We need to remember that it was during this era, when segregation was still being fought as was the Civil Rights Acts, that many Christians preachers were fighting changing the laws against miscegenation. It was only two years earlier that Martin Luther King had had to write the Letter from a Birmingham Jail to his fellow pastors to defend that Christian pastors should be on the side of justice. “You deplore the demonstrations taking place in Birmingham. But your statement, I am sorry to say, fails to express a similar concern for the conditions that brought about the demonstrations. I am sure that none of you would want to rest content with the superficial kind of social analysis that deals merely with effects and does not grapple with underlying causes. It is unfortunate that demonstrations are taking place in Birmingham, but it is even more unfortunate that the city’s white power structure left the Negro community with no alternative.” That white power structure included the preachers to whom he was writing. The rise of the Islam among African-Americans was, in large part, a rejection of what they saw as Christian values that tolerated injustice.
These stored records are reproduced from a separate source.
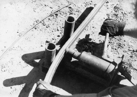 Other shapes employ parallel rafters, spaced at about one meter (39.5") Bending straight steel tubing is done by placing a new length of 3 to 4 centimeter (1 1/2"±) square tubing on top of the newly made roof plane and bending it every half meter or so with heat, space bends closer together to better match tighter curves. Old and trashed 2.5 cm water pipe has been recycled into quite a few water tank roofs (1"). Precision bends can also be made cold with a simple device made from a hydraulic jack as shown below.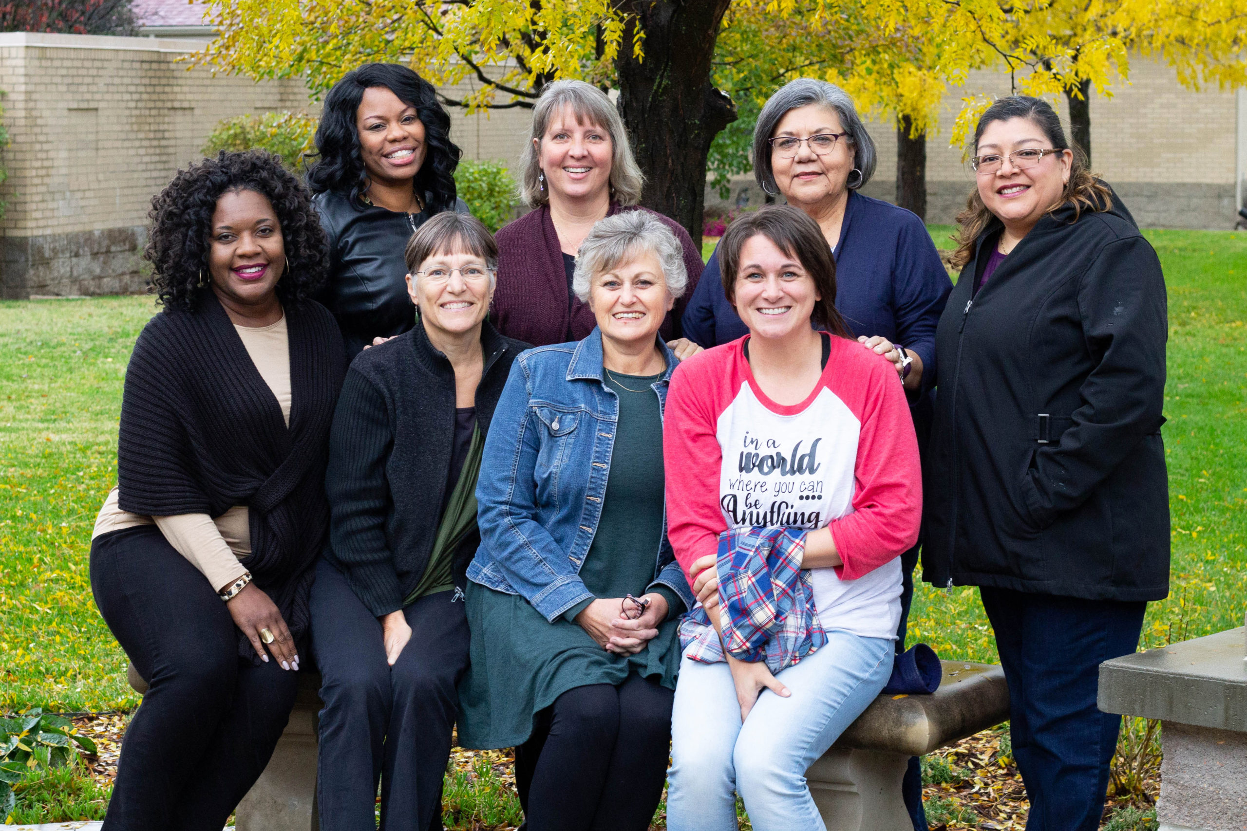 Photo: In front, from left, Alicia Manning, Sandra Drescher-Lehman, Twila Lehman and Jill Baker; in back, from left, Hyacinth Stevens, Marta Castilla, Graciela Tijerina and Hildalejandra Pellecer. Photo by Rashell Kaufman.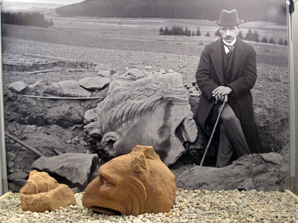 Ein beeindruckendes Bild am Beginn der Ausstellung: In Lebensgröße eine Fotografie vom damaligen Dorfschullehrer Funk neben der Löwen-Eber-Gruppe vor dem Abtransport in das Rheinische Landesmuseum Trier im Jahre 1921. Vor diesem Foto eine Replik des Greifenkopfes und Teil einer Tatze.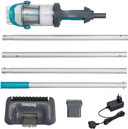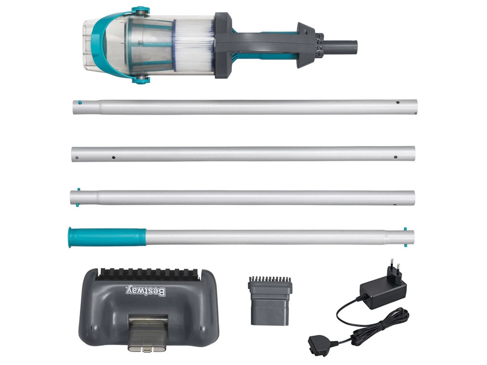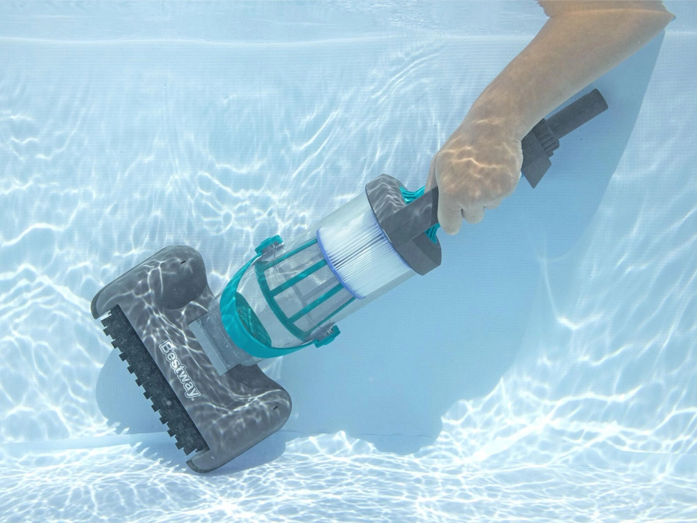 Tartsa medencéjét kristálytisztán a kézi, vezeték nélküli BESTWAY AquaGrip porszívóval. Akár 90 perc üzemidőt, 2 l-es átlátszó tartályt, kettős szűrést (rozsdamentes acél szűrő + VI típusú betét) és 2 cserélhető fejet kínál az aljzathoz, falakhoz és sarkokhoz. A könnyű, 2 m-es rudas rendszernek, a LED világításnak és a szárazonfutás elleni védelemnek köszönhetően a tisztítás gyors, biztonságos és hatékony föld feletti és süllyesztett medencékhez egyaránt.

The amazing part was that Ali managed to avoid the sectarian, supremacist bent of the Nation of Islam and instead became something else, a humanitarian in the best sense of the word.
I would even argue that some of the preachers from that era that stood for all that was wrong with the laws and attitudes of that time are more apostate than Muhammad Ali ever was. Sadly, today we see a resurgence of that type of thinking. Using code words, insisting that the President could not possibly be a Christian, using 6 degrees of relationship arguments to show that the President is supposedly in league with radicals, etc., the same type of dialogue that Ali opposed has returned to the national stage. But, we do not seem to have people of the stature of a King or an Ali or an Archbishop Iakovos to publically march in support of what is right. We also do not seem to have people of the stature of a William F. Buckley (except maybe George Will) or a Milton Friedman to write erudite conservative critiques that are not linked to racism or sexism. Rather, we seems to have but pale shadows of the great men and women of yore who argue subjects that they know not and parrot phrases they do not understand. Ali may not go down as one of those greats, but his battle against the anti-patriotic hawks of the Viet Nam War is certainly one of the great moments of judicial history. Hopefully those who are now challenging the government in the courts on religious grounds will recognize the debt they owe him.